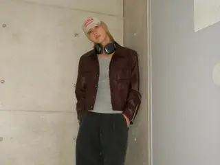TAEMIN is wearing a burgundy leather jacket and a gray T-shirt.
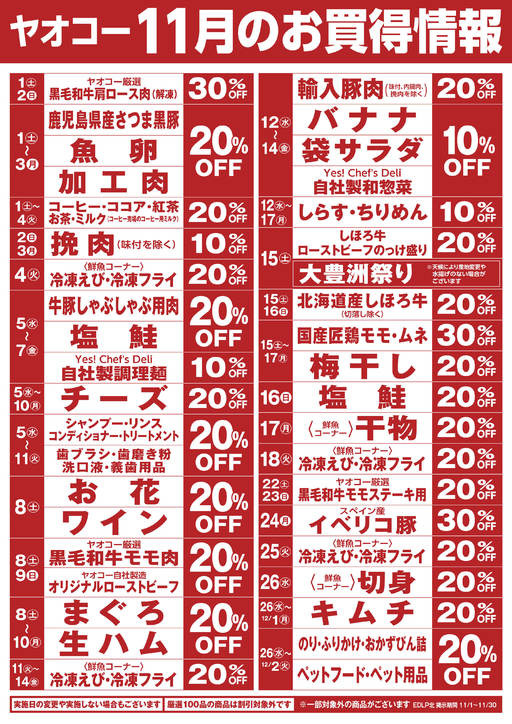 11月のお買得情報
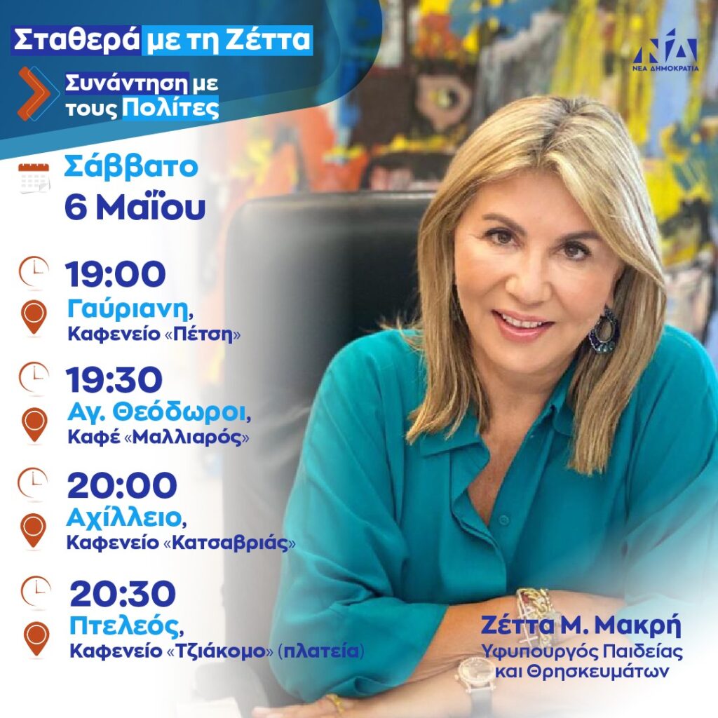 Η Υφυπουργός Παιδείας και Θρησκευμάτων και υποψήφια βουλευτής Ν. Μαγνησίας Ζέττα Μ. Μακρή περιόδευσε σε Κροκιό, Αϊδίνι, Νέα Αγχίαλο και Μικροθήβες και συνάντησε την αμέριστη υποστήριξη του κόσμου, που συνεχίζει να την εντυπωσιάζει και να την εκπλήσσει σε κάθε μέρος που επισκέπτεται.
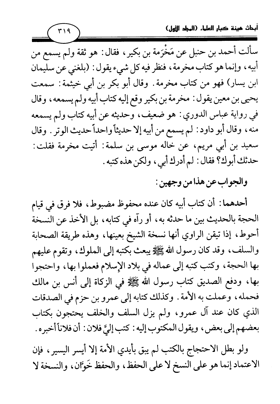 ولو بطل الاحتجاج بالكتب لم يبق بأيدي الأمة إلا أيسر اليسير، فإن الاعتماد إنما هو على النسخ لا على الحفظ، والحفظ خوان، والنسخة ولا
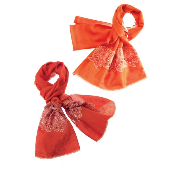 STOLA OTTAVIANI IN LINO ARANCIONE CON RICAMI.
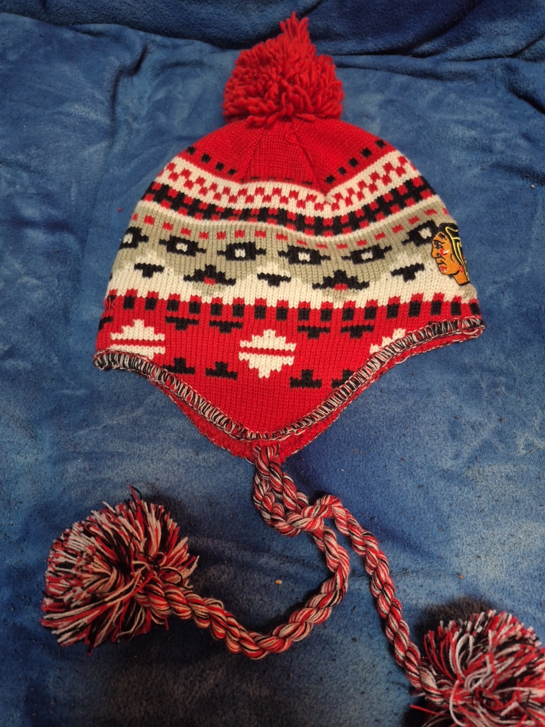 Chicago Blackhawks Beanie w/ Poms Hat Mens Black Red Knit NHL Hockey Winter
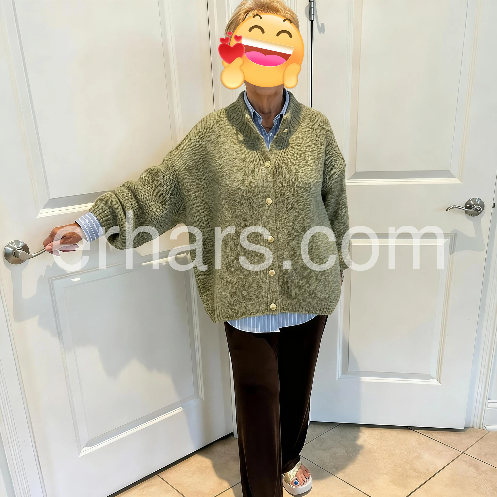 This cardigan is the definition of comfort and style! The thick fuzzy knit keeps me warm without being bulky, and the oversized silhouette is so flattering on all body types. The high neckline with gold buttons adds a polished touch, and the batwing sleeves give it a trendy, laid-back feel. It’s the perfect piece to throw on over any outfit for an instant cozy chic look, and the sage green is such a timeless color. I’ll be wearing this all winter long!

__What the exercise asks__: Quote in full the listing given above; the images are to be left out.

__The completed task__:
TAEMIN is wearing a burgundy leather jacket and a gray T-shirt.
 11月のお買得情報
 Η Υφυπουργός Παιδείας και Θρησκευμάτων και υποψήφια βουλευτής Ν. Μαγνησίας Ζέττα Μ. Μακρή περιόδευσε σε Κροκιό, Αϊδίνι, Νέα Αγχίαλο και Μικροθήβες και συνάντησε την αμέριστη υποστήριξη του κόσμου, που συνεχίζει να την εντυπωσιάζει και να την εκπλήσσει σε κάθε μέρος που επισκέπτεται.
 ولو بطل الاحتجاج بالكتب لم يبق بأيدي الأمة إلا أيسر اليسير، فإن الاعتماد إنما هو على النسخ لا على الحفظ، والحفظ خوان، والنسخة ولا
 STOLA OTTAVIANI IN LINO ARANCIONE CON RICAMI.
 Chicago Blackhawks Beanie w/ Poms Hat Mens Black Red Knit NHL Hockey Winter
 This cardigan is the definition of comfort and style! The thick fuzzy knit keeps me warm without being bulky, and the oversized silhouette is so flattering on all body types. The high neckline with gold buttons adds a polished touch, and the batwing sleeves give it a trendy, laid-back feel. It’s the perfect piece to throw on over any outfit for an instant cozy chic look, and the sage green is such a timeless color. I’ll be wearing this all winter long!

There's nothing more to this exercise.